Below is the rest of the code in-case:
def write(mainimage, secret, output):
#string contains the header, data and length in binary
Stringbits = dcimage.createString(secret)
imageObject = Image.open(mainimage).convert('RGB')
imageWidth, imageHeight = imageObject.size
pixels = imageObject.load()
rgbDecimal_Array = []
rgb_Array = []
count = 0
#loop through each pixel
for x in range (imageWidth):
for y in range (imageHeight):
r,g,b = pixels[x,y]
#convert each pixel into an 8 bit representation
redPixel = list(bin(r)[2:].zfill(8))
greenPixel = list(bin(g)[2:].zfill(8))
bluePixel = list(bin(b)[2:].zfill(8))
pixelList = [redPixel, greenPixel, bluePixel]
#for each of rgb
for i in range(0,3):
#verify we have reached the end of our hidden file
if count >= len(Stringbits):
#convert the bits to their rgb value and appened them
for rgbValue in pixelList:
pixelnumbers1 = int(''.join(str(b) for b in rgbValue), 2)
#print pixelnumbers1
rgb_Array.append(pixelnumbers1)
pixels[x, y] = (rgb_Array[0], rgb_Array[1], rgb_Array[2])
print "Completed"
return imageObject.save(output)
#If we haven't rached the end of the file, store a bit
else:
pixelList[i][7] = Stringbits[count]
count+=1
pixels[x, y] = dcimage.getPixel(pixelList)
You have a fundamental misunderstanding of how computers see any type of data.
You read the bytestream of a file, which looks like a string to you, but each character is actually a byte, a value from 0 to 255. It just happens that some of them are represented by conventional string characters. Try print(bytes(range(256)) to see them all. Most standard encryption functions take a byte array in and spit a byte array out. It just happens that you get more of the bytes that don't have a "simple" representation. But they are not any less bytes than what you initially fed in.
Your dcimage.py has the following:
#get the file data in binary
fileData = bytearray(open(secret, 'rb').read())#opens the binary file in read or write mode
for bits in fileData:
binDataString += bin(bits)[2:].zfill(8)#convert the file data to binary
There is nothing that stops you from doing this
fileData = open(secret, 'rb').read() # a bytes object by default
encryptedData = myEncryptionFuction(fileData) # also a bytes object
for bits in encryptedData:
# ...
VERY IMPORTANT: You add a null byte at the end of your message so your extracting sequence knows when to stop. If you compress, or encrypt, a string (or byte array), it is likely a null byte will be part of that stream, which will break your extraction sequence. In that case you want to use a header that tells your program ahead of time how many bits to extract.

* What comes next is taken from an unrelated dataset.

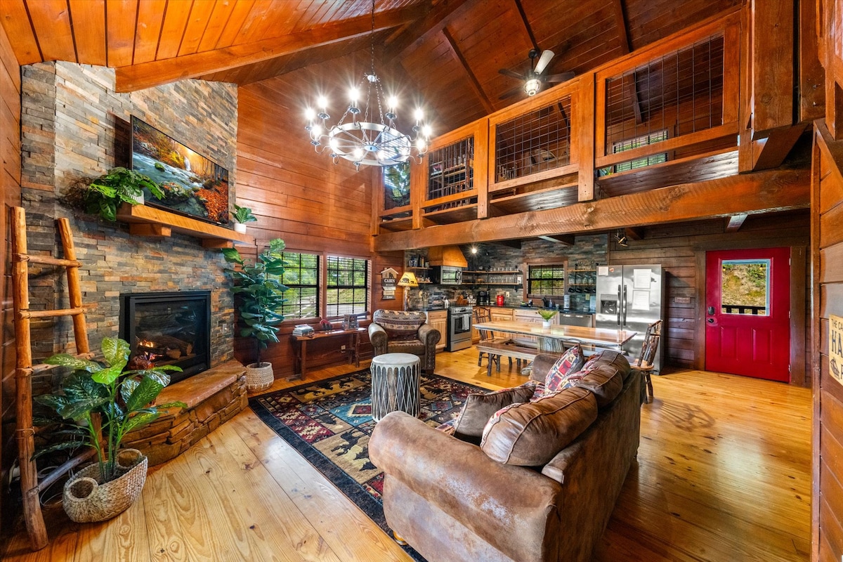 True log cabin in much sought after area of Gatlinburg! You will love the spacious great room with high ceilings, living room, gas log fireplace, kitchen, game area with pool table and dining area. Upstairs is a loft/master suite with king bed, full bath and a cedar sauna! Step outside to the wrap around deck, and hot tub, with plenty of room to enjoy relaxing in rocking chairs or outside dining. Only five minutes to downtown Gatlinburg, the Ski Resort or the Great Smoky Mountains National Park!

By the way, bytes are already in an integer form.
>>> some_byte = b'G'
>>> some_byte[0]
71
You're better of using bitwise operations for steganography. You take bytes and instead of using bitwise operations between them and your pixels, you turn both to binary strings, slice and stitch them and then turn them back to integers.
def bytes_to_bits(stream):
for byte in stream:
for shift in range(7, -1, -1):
yield (byte >> shift) & 0x01
secret_bits = tuple(bytes_to_bits(encoded_data))
# simplified for one colour plane
for x in range(image_height):
for y in range(image_width):
# (pixel AND 254) OR bit - the first part zeroes out the lsb
pixels[x,y] = (pixels[x,y] & 0xfe) | secret_bits[count]
count += 1
# -------------------------------------
# to extract the bit from a stego pixel
bit = pixel & 0x01
Integers can be encryted by adding each digit to a random integer stream in the range 0 to 9, subtracting 10 when the sum > 9. Modulo should be avoided because of ambiguities.